I definitely feel good and strong today after sending that message yesterday but a part of me still wants to explain to him that flirting and 'sexting' to me has emotions and feelings behind it but I know it's probably pointless!

OP posts:
SmileyClare · 21/09/2023 22:10

Thats a lot of progress 🙂 💪

Take it day by day and I think it’ll get easier.

Honestly, some guys should come with “Warning: This man will seriously damage your mental health” stamped on them!

Cupcakekiller · 21/09/2023 22:25

Just block him and try to move on with your life.

poetryandwine · 21/09/2023 23:36

Stay strong, OP. You can do this.

ZebraD · 22/09/2023 15:11

Your feelings are really not for him to worry about. You can’t teach him. You’re not his mother. He should have learnt this years ago. And to be honest his next victim isn’t anything you need to worry about as awful as it sounds. Just look after your own wounds and walk away with pride.

Ithh · 22/09/2023 16:27

Block him and move on. You are wasting your life

AgentJohnson · 22/09/2023 17:01

The question isn’t why he does x, y and z? The question should be why do you keep doing this to yourself? But I love him is not an excuse for your repeated acts of self harm.

Take ownership of your role in this merry go around. This is who he is, accept it and move on already.
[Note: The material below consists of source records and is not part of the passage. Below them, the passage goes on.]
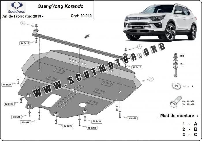 Scutul este nouă și se potrivește perfect pentru toate tipurile de motorizare SsangYong Korando fabricat între ani 2019 - 2026.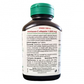 A Jamieson C-vitamin 1000 mg nyújtott hatású étrend-kiegészítő tabletta egy speciális időzített felszabadulású formula, amely fokozatosan adagolhatja a szervezet számára a szükséges C-vitamint. A C-vitamin hozzájárulhat az immunrendszer normál működéséhez és a sejtek oxidatív stresszel szembeni védelméhez. A termék nem tartalmaz cukrot, keményítőt, glutént, laktózt, mesterséges színezéket, ízesítőt vagy tartósítószert, így vegetáriánus étrendbe is beilleszthető. A tablettákat 15–25 °C között, gyermekektől elzárva kell tárolni. A gyártó Jamieson Laboratories, a forgalmazó pedig az INTERPHARM Hungary Kft.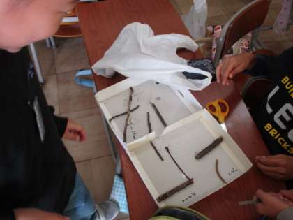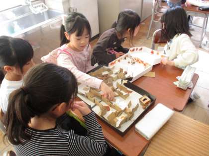 生活科「あきをたのしもう」では、ドングリや落ち葉、松ぼっくりなどの秋のものを使っておもちゃを作っています。どうしたら楽しいおもちゃになるかを遊びながら作っています。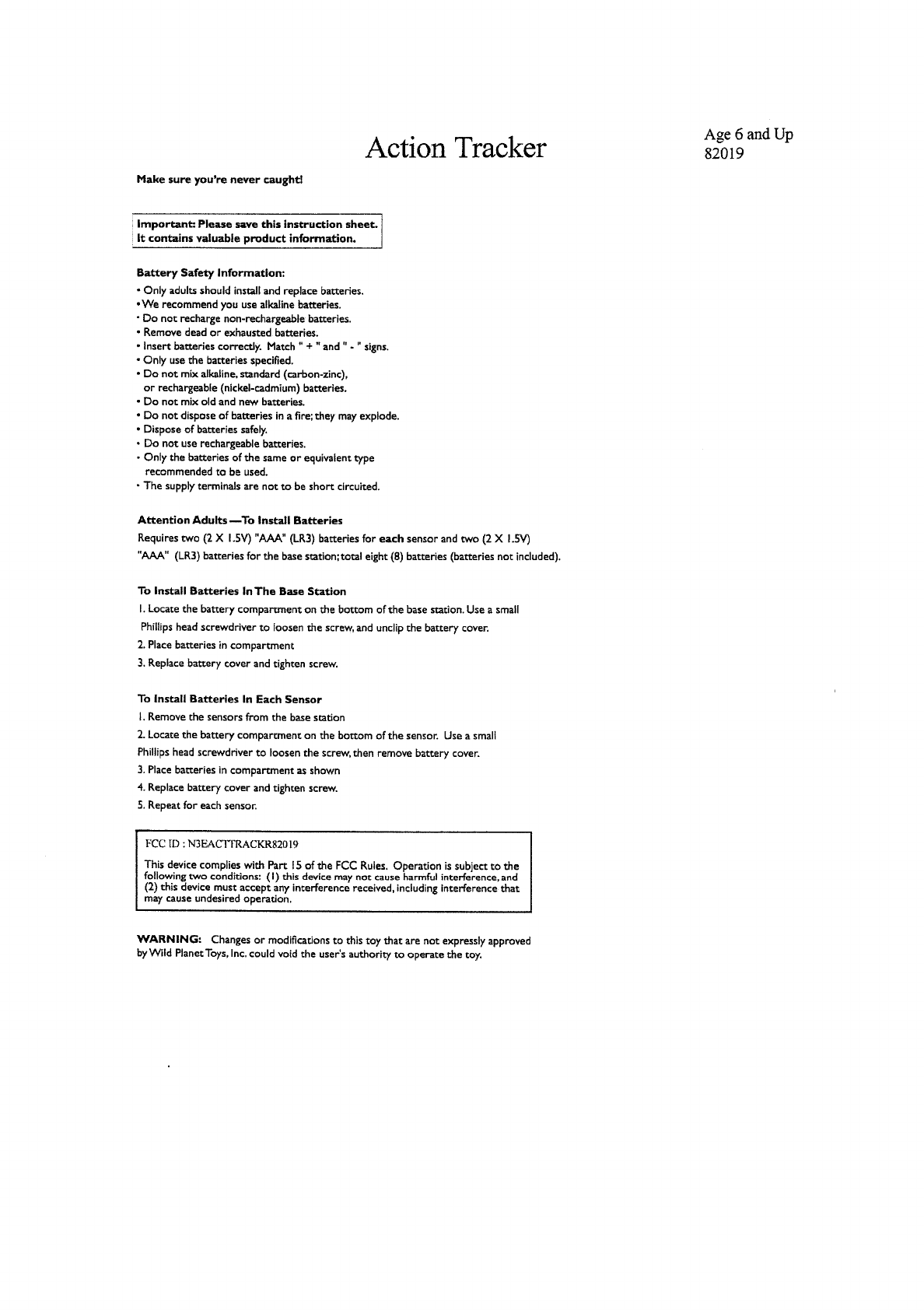 Wild Planet Entertainment ACTTRACKR82019 Toy Detector User Manual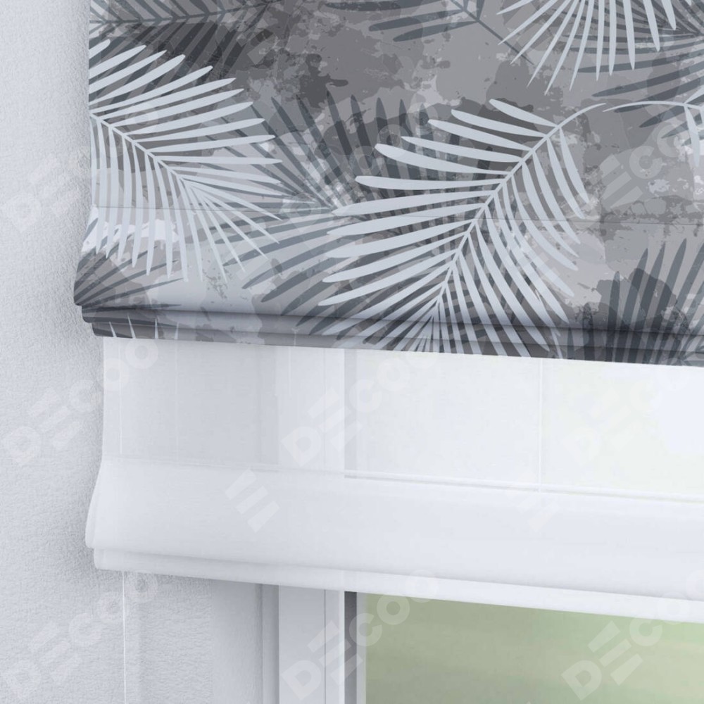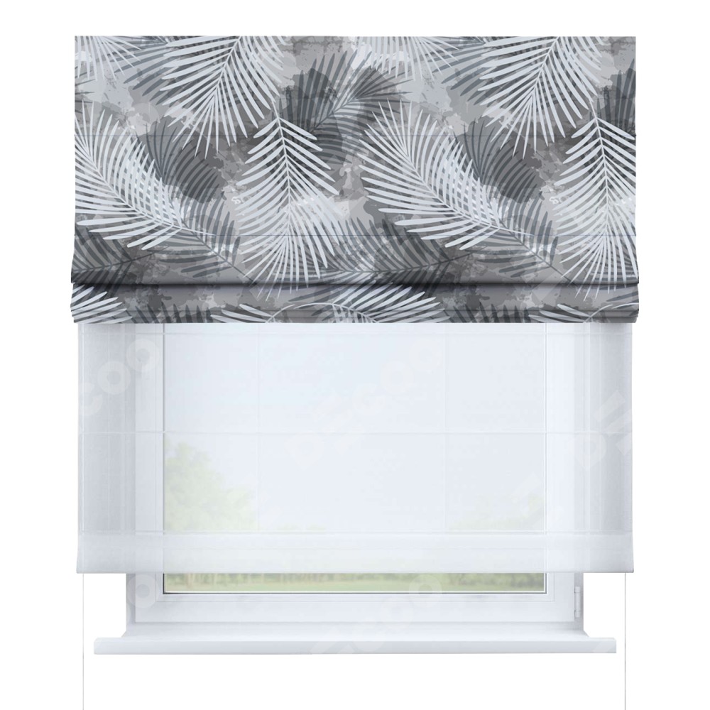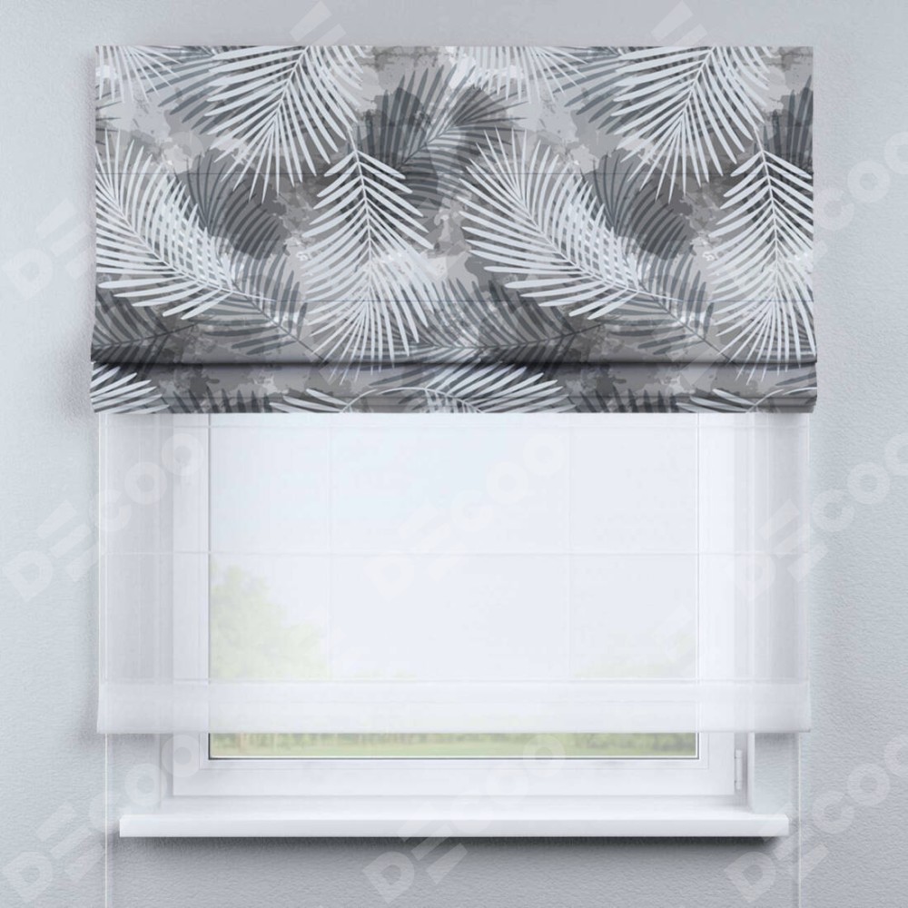 Римская штора день-ночь производителя «Cortin», используется для проёма, пошита из двух полотен, с лицевой блэкаут с нанесением сублимационной печати «Листья в тени», вторая ткань тюль (по стандарту комплектуется тюль белого цвета артикул V-01). Имеет универсальный механизм и подходит для монтажа: на потолок, на стену и в нишу.

Charlie765 · 22/09/2023 18:45

Hi
The only way you’re going to actually move on with your life and stop being manipulated by this asswipe is too block him, delete his number from your phone and all messages!
But I don’t think you are brave enough to do this, you do realise there aren’t plenty of men on there that can give you what you need , without manipulating you, and the same goes for sexting.

Please , move on from this amoeba

Timeout22 · 24/09/2023 20:25

He messaged me today to say he can't be fully responsible for the messages and it really affects him to hear I felt gross after the sexting. He said our chats were comforting but that 'every and all conversations we have hold emotion for me too'.